- [Brief] Beginning at the top of the data below, restate every line word for word until the line containing "Прапор Воєнної розвідки" has been included, and omit the pictures.

[[ Provided data open ]]

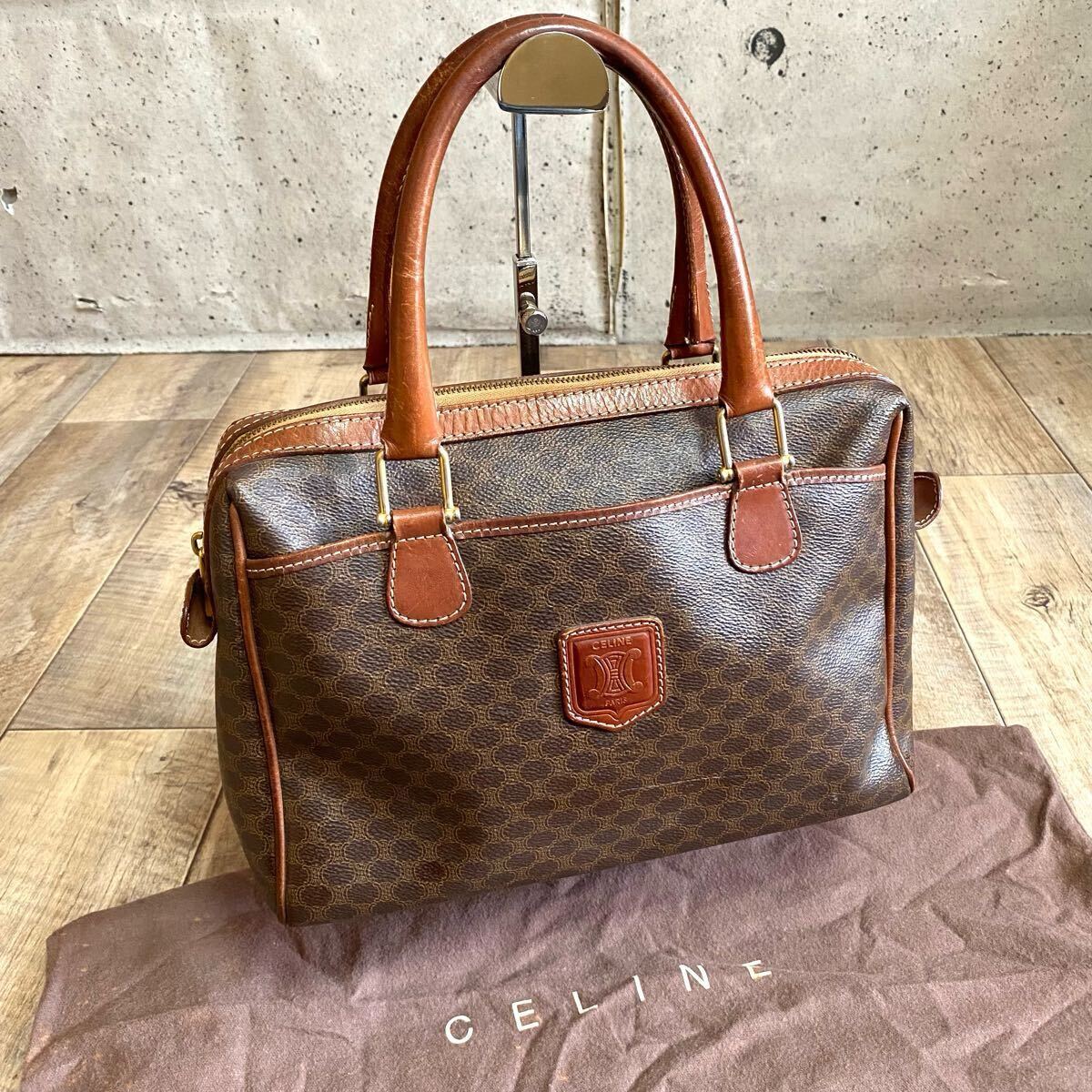 - 本物☆CELINE セリーヌ マカダム ハンドバッグ ミニトートバッグ ブラウン ミニボストン レザー バッグ オールド ヴィンテージ レディース
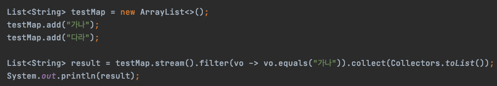 스트림의 연산은 중간연산과 최종연산으로 나누어지며, 위의 예제에서는 중간연산으로 filter(조건에 맞는 것을 찾음)가 사용되었고, 최종연산으로 collect이 사용된 케이스이다.
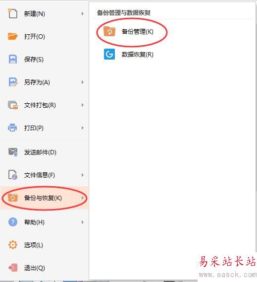 4、關閉上步驟中的選項,點擊ppt左上角”wps演示“——“備份與恢復”——“備份管理"
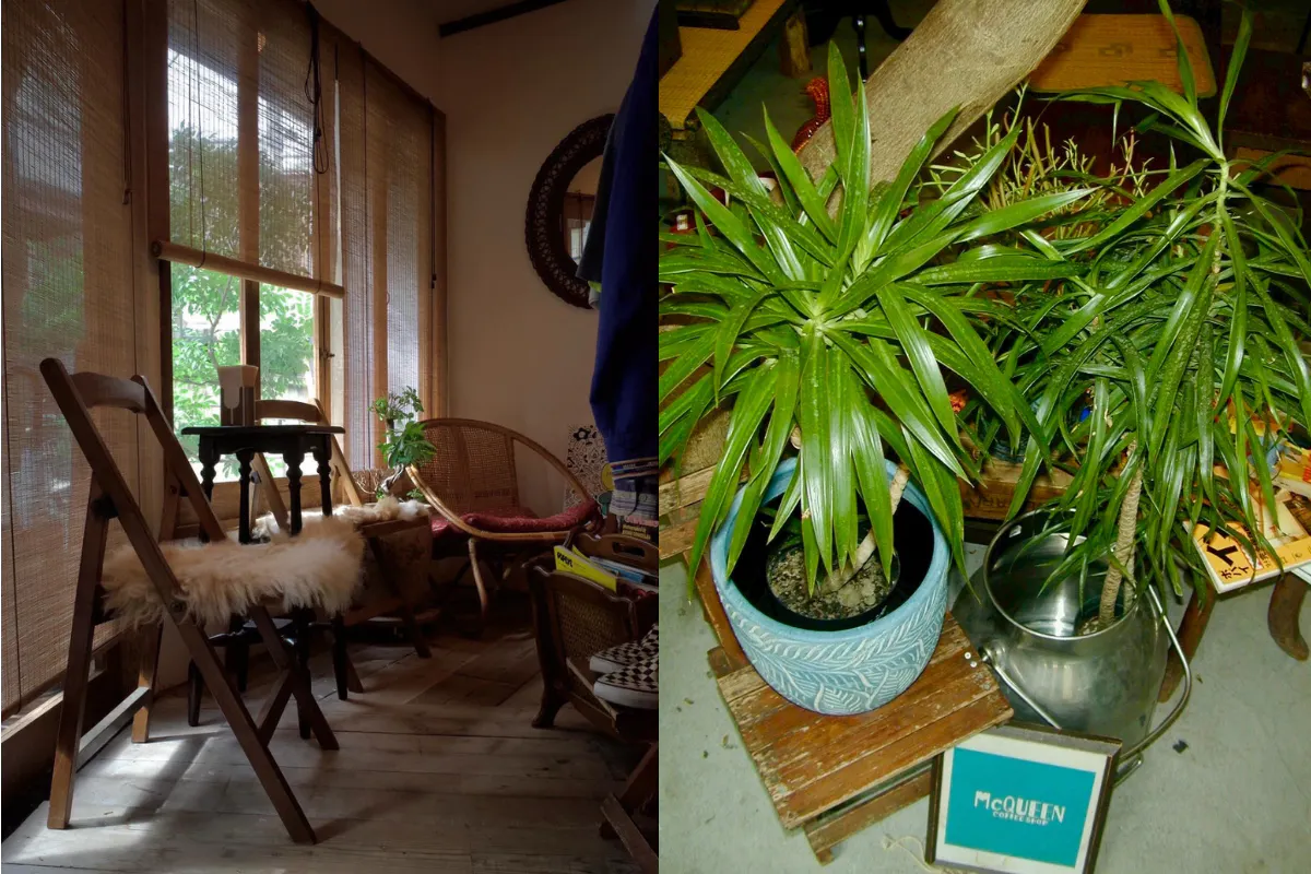McQUEEN COFFEE SHOP 松陰神社前に開設するこのお店は、私がセレクトした観葉植物や古着、古道具などの販売。
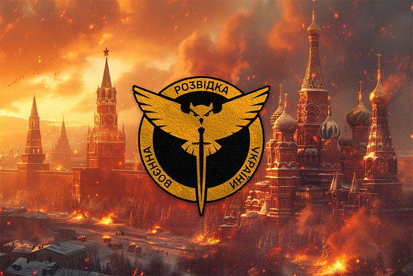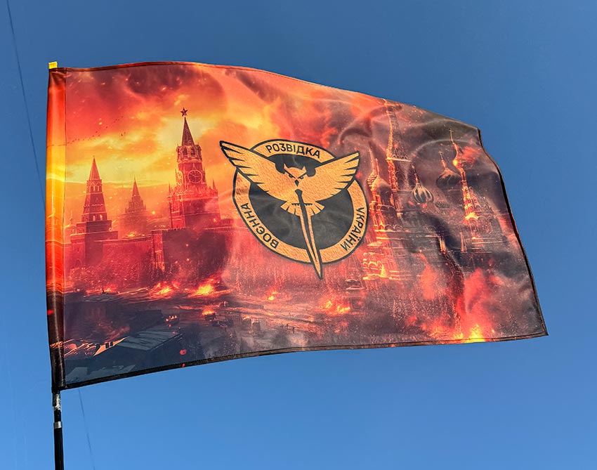 Прапор Воєнної розвідки України ГУР кремль палає
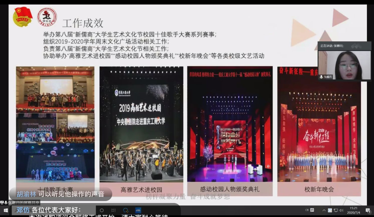 会上,校学生会主席团成员和部门负责人从政治态度、道德品行、学习情况、工作成效、纪律作风等方面向评议会述职,140名学生代表在认真听取了主席团成员和部门负责人的述职报告后,通过问卷星小程序按照优秀、称职、基本称职、不称职4个等级,对述职人员进行等级评定。
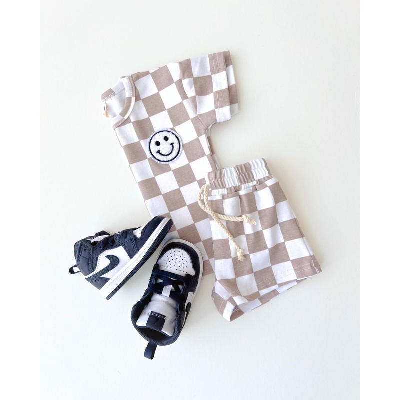 Our most popular checkered smiley sets are back with an upgrade!These gender neutral two-piece shorts sets are perfect for all your playtime fun! Made of high quality, oh-so-soft cotton and a perfect amount of stretch. Playtime has never looked so good!95%
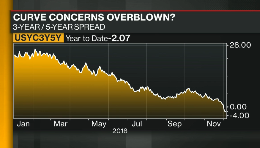 Rendite-Spread für US-Staatsanleihen mit 3 und 5 Jahren Laufzeit, Graph: BloombergTV, Dec 5, 2018
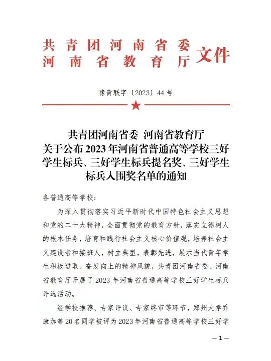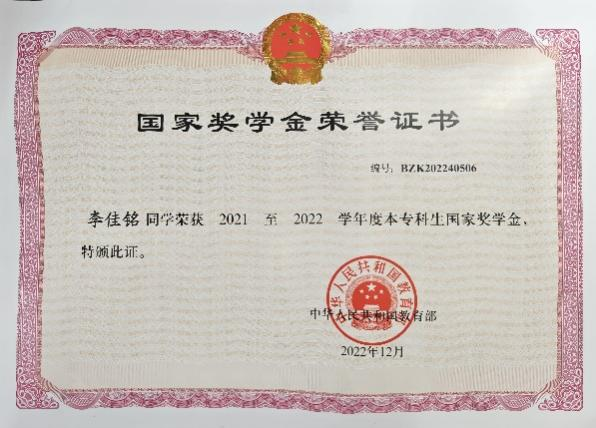纸上得来终觉浅,绝知此事要躬行。李佳铭深知,仅仅学习书本上的理论知识是远远不够的,必须付诸实践。于是,他积极参与科研训练、学科竞赛,将自己学习到的理论知识充分运用到实践当中,通过实践去深化自己所学到的理论知识。在这个过程中,他不断提升自己的综合能力,获得2021-2022学年度本专科生国家奖学金、2023年河南省三好学生等荣誉称号。

[[ Provided data closed ]]

- [Exercise answer]
 - 本物☆CELINE セリーヌ マカダム ハンドバッグ ミニトートバッグ ブラウン ミニボストン レザー バッグ オールド ヴィンテージ レディース
 스트림의 연산은 중간연산과 최종연산으로 나누어지며, 위의 예제에서는 중간연산으로 filter(조건에 맞는 것을 찾음)가 사용되었고, 최종연산으로 collect이 사용된 케이스이다.
 4、關閉上步驟中的選項,點擊ppt左上角”wps演示“——“備份與恢復”——“備份管理"
McQUEEN COFFEE SHOP 松陰神社前に開設するこのお店は、私がセレクトした観葉植物や古着、古道具などの販売。
 Прапор Воєнної розвідки України ГУР кремль палає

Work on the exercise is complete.